═════ Input data

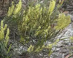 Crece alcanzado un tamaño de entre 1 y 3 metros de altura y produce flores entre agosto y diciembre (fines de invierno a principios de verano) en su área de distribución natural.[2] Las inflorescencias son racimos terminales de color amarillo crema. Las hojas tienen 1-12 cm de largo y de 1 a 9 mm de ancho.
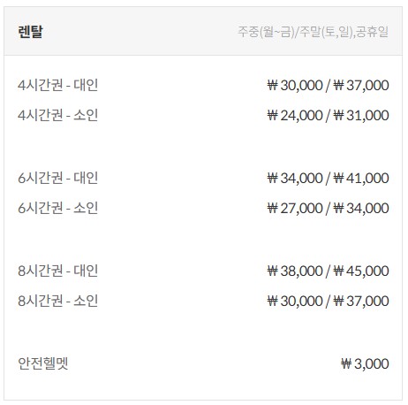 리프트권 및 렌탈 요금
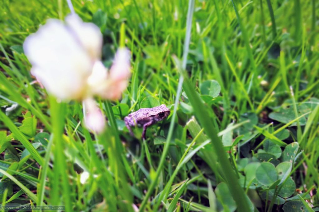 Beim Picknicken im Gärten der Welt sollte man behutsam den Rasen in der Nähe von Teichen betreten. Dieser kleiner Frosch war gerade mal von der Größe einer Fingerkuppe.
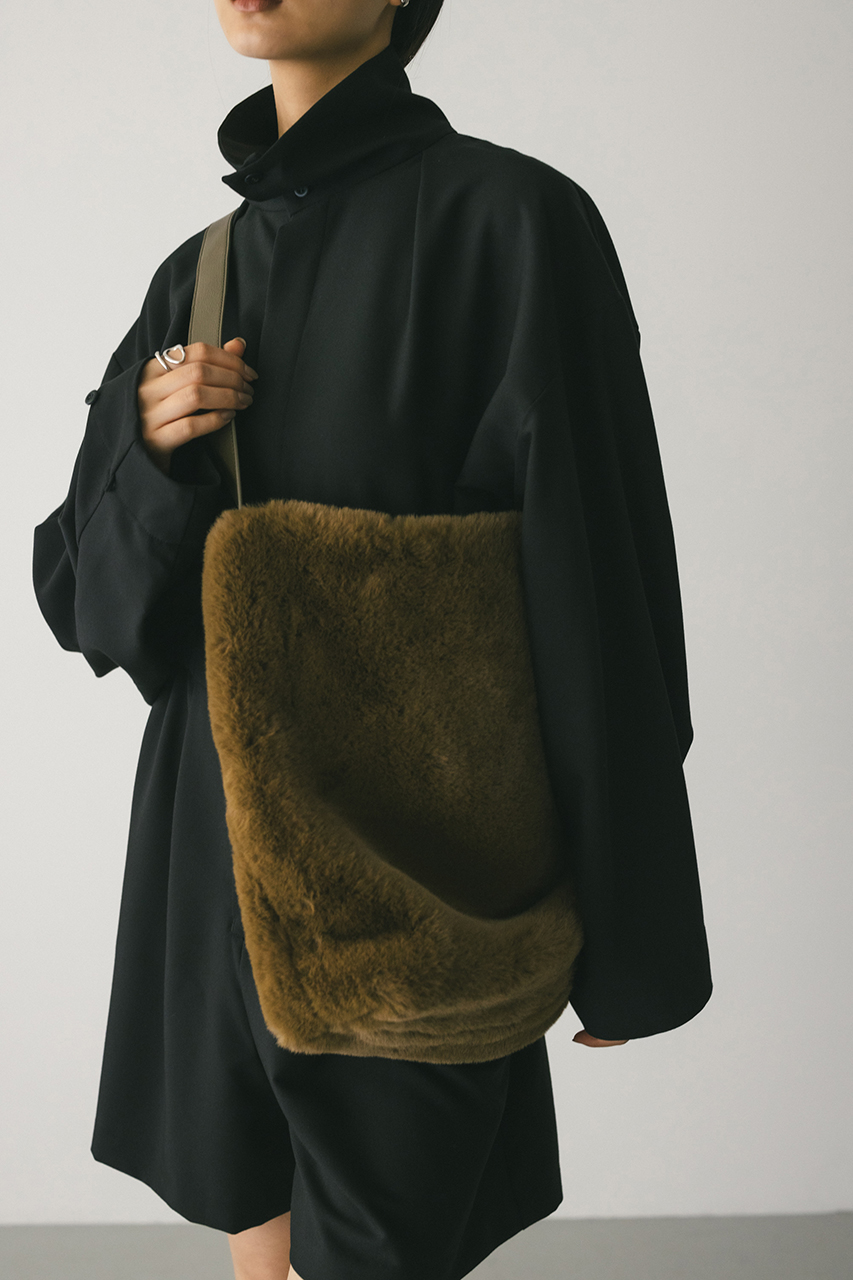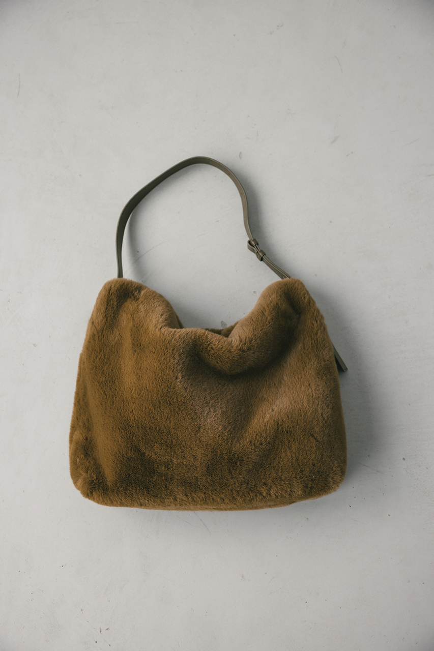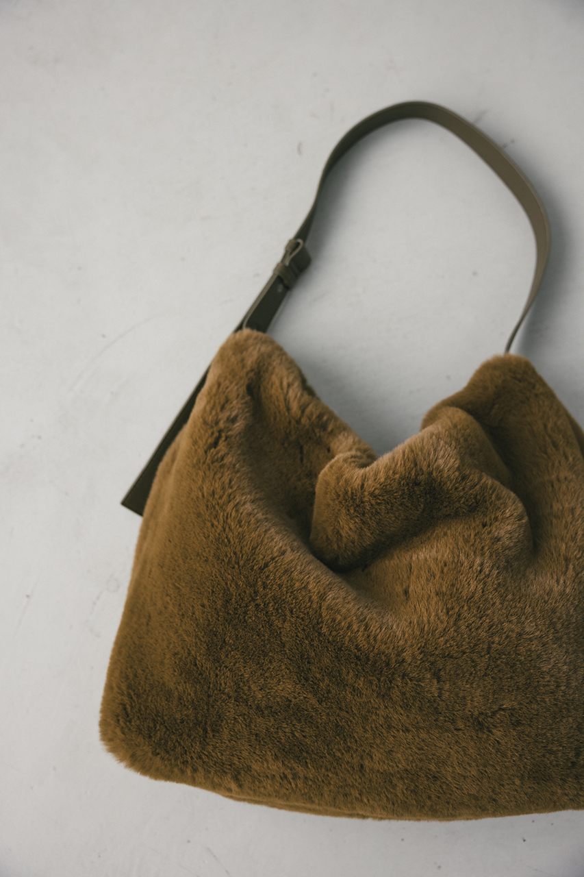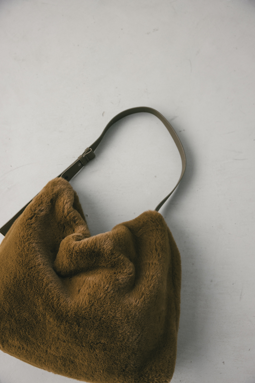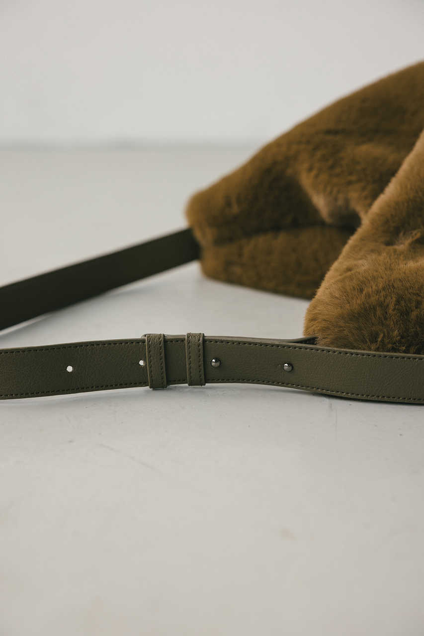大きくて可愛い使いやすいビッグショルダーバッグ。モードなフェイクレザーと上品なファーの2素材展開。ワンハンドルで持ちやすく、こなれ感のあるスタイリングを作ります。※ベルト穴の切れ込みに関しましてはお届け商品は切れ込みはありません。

══════════

## [What is expected]
Print the material above exactly as it appears, but not its pictures.

## [Solution for this problem]
 Crece alcanzado un tamaño de entre 1 y 3 metros de altura y produce flores entre agosto y diciembre (fines de invierno a principios de verano) en su área de distribución natural.[2] Las inflorescencias son racimos terminales de color amarillo crema. Las hojas tienen 1-12 cm de largo y de 1 a 9 mm de ancho.
 리프트권 및 렌탈 요금
 Beim Picknicken im Gärten der Welt sollte man behutsam den Rasen in der Nähe von Teichen betreten. Dieser kleiner Frosch war gerade mal von der Größe einer Fingerkuppe.
大きくて可愛い使いやすいビッグショルダーバッグ。モードなフェイクレザーと上品なファーの2素材展開。ワンハンドルで持ちやすく、こなれ感のあるスタイリングを作ります。※ベルト穴の切れ込みに関しましてはお届け商品は切れ込みはありません。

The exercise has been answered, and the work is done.